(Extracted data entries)
_ _ _ _
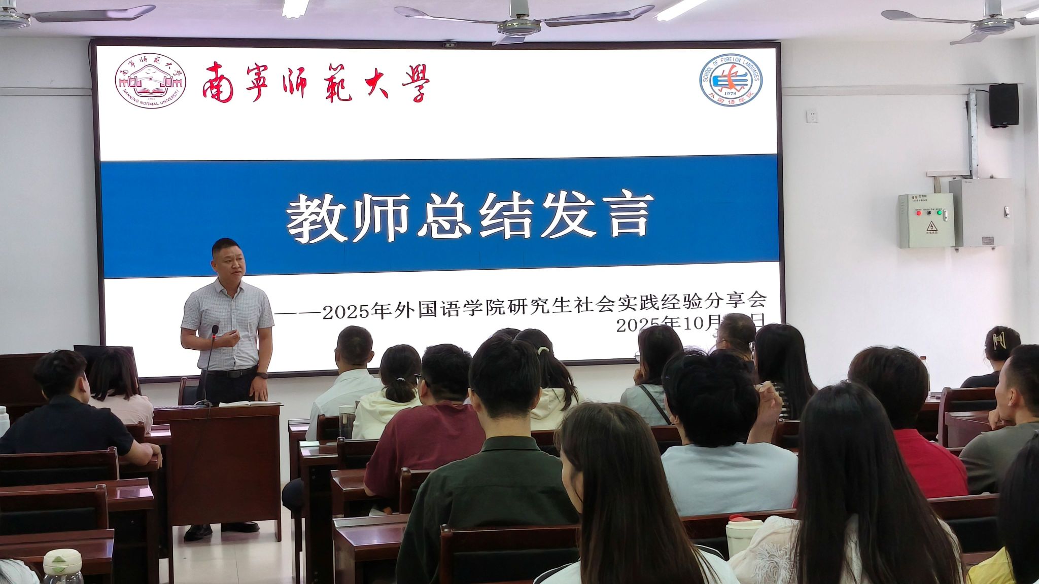 最后,蒙岚副院长、党委刘晖晖副书记、黄信教授、卢澄副教授作了总结发言。他们高度赞扬了参与此次分享的同学们的进步与成长,勉励2025级研究生以优秀前辈为榜样,勇于走出课堂舒适区,积极把握实践机遇,将外语专业能力与家国情怀、国际视野相融合,在社会实践中深化对现实社会的理解,不断锤炼综合素养,实现个人价值。
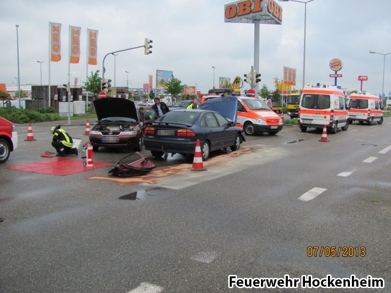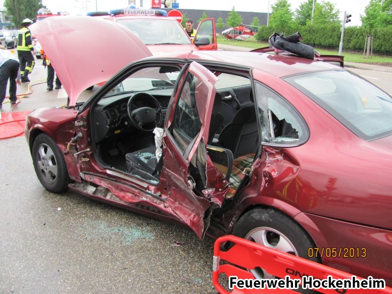 Zu einem Verkehrsunfall mit einer eingeklemmten Person wurde die Feuerwehr Hockenheim von der Leitstelle Rhein Neckar alarmiert. Vor Ort wurde die Person bereits vom Rettungsdienst versorgt und anschließend mit hydraulischem Rettungsgerät befreit. Danach wurden noch auslaufende Betriebsstoffe aufgenommen.
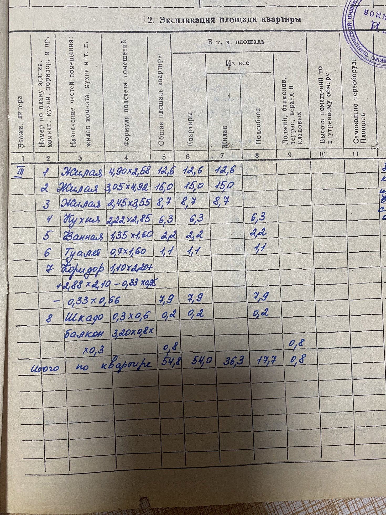 Общая площадь 54.8 м2
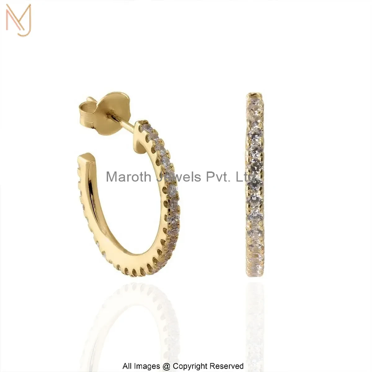 14K Yellow Gold Diamond Huggies Hoop Earring Manufacturer
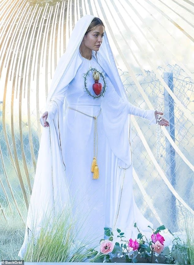 Самое популяроне34-летняя певица Рита Ора предстала в неожиданном и дерзком образе во время съёмки в Лос-Анджелесе. Артистка облачилась в белоснежные свободные одежды и длинную фату до пола, держа в руках чётки и позируя с молитвенно сложенными руками, пишет Daily Mail.
_ _ _ _
■ Work item
The range to transcribe runs from the line holding "14K Yellow Gold" through the final line of the data above; copy it exactly and exclude the pictures.

■ Answer below
 14K Yellow Gold Diamond Huggies Hoop Earring Manufacturer
 Самое популяроне34-летняя певица Рита Ора предстала в неожиданном и дерзком образе во время съёмки в Лос-Анджелесе. Артистка облачилась в белоснежные свободные одежды и длинную фату до пола, держа в руках чётки и позируя с молитвенно сложенными руками, пишет Daily Mail.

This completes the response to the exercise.